Below are several entries. Transcribe exactly those lines that fall from the one with "Make a statement" through the one with "На кладбище располагается", end lines included.

DATA SHOWN Start Marker

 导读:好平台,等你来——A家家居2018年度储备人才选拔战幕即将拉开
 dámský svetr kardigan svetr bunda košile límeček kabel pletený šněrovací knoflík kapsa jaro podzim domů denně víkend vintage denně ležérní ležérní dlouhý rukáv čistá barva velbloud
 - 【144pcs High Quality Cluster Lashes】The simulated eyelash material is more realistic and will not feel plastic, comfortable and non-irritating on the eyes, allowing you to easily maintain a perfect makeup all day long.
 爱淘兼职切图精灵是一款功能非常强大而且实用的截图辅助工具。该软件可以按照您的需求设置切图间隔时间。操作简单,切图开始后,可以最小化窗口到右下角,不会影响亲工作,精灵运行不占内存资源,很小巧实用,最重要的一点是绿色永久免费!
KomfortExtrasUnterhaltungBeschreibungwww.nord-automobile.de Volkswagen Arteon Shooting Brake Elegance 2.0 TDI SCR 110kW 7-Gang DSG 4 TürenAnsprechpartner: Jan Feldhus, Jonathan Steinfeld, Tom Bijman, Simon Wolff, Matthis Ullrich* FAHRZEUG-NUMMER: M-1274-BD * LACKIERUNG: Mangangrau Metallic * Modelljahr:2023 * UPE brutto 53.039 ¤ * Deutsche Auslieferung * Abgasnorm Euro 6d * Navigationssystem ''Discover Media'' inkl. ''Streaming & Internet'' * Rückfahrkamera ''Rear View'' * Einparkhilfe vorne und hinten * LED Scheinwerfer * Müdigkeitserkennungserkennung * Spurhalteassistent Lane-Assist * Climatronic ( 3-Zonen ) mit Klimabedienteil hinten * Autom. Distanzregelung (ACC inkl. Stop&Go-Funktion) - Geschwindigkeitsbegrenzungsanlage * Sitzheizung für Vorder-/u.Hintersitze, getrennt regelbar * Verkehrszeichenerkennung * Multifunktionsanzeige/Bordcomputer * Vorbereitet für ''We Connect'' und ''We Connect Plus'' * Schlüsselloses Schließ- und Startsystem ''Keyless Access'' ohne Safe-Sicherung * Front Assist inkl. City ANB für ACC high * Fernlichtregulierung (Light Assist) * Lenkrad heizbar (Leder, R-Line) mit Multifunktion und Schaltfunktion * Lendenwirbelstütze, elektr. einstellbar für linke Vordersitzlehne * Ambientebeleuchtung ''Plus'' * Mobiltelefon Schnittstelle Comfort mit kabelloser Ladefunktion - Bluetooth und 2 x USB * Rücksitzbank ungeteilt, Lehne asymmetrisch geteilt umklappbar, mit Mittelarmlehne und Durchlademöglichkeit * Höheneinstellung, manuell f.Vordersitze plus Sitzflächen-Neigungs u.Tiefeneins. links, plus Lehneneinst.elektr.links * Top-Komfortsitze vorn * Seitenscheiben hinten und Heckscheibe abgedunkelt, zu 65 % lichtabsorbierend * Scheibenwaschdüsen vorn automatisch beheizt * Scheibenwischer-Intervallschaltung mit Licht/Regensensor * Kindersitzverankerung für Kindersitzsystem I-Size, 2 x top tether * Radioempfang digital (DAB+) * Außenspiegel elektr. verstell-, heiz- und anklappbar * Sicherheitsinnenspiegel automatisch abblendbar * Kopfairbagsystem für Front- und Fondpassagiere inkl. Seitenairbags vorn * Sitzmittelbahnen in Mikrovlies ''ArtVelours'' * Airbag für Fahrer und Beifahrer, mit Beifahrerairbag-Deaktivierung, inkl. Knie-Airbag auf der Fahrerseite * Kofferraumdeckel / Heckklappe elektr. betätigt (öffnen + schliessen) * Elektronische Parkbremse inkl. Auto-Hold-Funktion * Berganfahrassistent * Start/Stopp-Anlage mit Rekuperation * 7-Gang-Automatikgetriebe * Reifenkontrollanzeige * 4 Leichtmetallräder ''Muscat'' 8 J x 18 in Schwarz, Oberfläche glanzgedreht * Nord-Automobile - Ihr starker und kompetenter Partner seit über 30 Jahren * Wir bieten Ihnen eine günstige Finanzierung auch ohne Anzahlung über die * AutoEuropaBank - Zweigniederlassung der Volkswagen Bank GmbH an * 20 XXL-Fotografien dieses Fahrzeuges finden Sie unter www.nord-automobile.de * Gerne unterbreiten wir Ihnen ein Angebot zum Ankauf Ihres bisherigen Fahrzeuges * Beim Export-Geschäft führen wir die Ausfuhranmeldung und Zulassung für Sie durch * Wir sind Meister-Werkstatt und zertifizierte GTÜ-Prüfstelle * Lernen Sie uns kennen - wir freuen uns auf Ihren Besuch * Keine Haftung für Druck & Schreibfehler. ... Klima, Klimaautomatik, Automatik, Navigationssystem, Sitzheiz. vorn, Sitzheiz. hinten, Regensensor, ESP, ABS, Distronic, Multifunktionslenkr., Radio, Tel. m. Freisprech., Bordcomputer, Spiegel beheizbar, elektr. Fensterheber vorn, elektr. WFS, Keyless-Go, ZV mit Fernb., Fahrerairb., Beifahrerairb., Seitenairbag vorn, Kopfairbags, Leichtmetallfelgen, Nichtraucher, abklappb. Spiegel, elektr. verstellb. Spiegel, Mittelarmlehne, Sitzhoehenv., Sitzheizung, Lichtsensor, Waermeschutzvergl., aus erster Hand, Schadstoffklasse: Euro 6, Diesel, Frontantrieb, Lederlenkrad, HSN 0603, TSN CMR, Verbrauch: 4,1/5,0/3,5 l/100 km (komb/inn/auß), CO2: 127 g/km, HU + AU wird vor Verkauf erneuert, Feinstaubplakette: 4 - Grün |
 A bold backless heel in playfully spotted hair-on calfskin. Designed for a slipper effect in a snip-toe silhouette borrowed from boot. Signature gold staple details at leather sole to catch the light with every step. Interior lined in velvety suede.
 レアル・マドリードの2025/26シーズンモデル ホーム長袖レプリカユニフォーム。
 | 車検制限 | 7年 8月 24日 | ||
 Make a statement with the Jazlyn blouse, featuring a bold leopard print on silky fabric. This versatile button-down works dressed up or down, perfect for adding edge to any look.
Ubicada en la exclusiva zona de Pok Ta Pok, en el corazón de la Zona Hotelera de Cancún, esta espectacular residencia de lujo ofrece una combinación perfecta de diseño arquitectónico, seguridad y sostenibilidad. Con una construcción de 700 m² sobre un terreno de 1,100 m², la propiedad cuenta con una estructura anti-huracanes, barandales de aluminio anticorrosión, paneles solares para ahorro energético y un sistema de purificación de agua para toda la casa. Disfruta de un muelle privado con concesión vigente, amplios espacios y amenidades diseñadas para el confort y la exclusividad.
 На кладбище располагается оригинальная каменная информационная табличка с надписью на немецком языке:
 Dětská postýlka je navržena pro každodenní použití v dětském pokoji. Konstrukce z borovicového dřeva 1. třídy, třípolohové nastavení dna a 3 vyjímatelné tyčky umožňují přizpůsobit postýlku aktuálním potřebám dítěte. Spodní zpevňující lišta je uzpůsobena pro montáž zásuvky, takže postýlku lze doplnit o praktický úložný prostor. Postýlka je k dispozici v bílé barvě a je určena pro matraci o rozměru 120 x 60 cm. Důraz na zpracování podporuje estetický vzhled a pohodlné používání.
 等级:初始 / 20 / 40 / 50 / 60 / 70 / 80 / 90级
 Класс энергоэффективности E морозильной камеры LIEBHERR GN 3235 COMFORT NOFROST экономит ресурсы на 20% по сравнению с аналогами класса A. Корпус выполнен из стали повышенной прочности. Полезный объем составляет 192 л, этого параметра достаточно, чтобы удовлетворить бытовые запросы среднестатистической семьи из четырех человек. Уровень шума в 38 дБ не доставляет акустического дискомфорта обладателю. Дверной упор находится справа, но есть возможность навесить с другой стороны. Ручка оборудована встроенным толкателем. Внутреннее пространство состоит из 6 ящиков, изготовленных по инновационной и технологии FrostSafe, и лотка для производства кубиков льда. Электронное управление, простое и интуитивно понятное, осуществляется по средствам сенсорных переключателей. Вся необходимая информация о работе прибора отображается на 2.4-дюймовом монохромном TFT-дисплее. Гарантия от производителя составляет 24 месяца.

DATA SHOWN End Marker

- **COMPLETED TASK**
 Make a statement with the Jazlyn blouse, featuring a bold leopard print on silky fabric. This versatile button-down works dressed up or down, perfect for adding edge to any look.
Ubicada en la exclusiva zona de Pok Ta Pok, en el corazón de la Zona Hotelera de Cancún, esta espectacular residencia de lujo ofrece una combinación perfecta de diseño arquitectónico, seguridad y sostenibilidad. Con una construcción de 700 m² sobre un terreno de 1,100 m², la propiedad cuenta con una estructura anti-huracanes, barandales de aluminio anticorrosión, paneles solares para ahorro energético y un sistema de purificación de agua para toda la casa. Disfruta de un muelle privado con concesión vigente, amplios espacios y amenidades diseñadas para el confort y la exclusividad.
 На кладбище располагается оригинальная каменная информационная табличка с надписью на немецком языке:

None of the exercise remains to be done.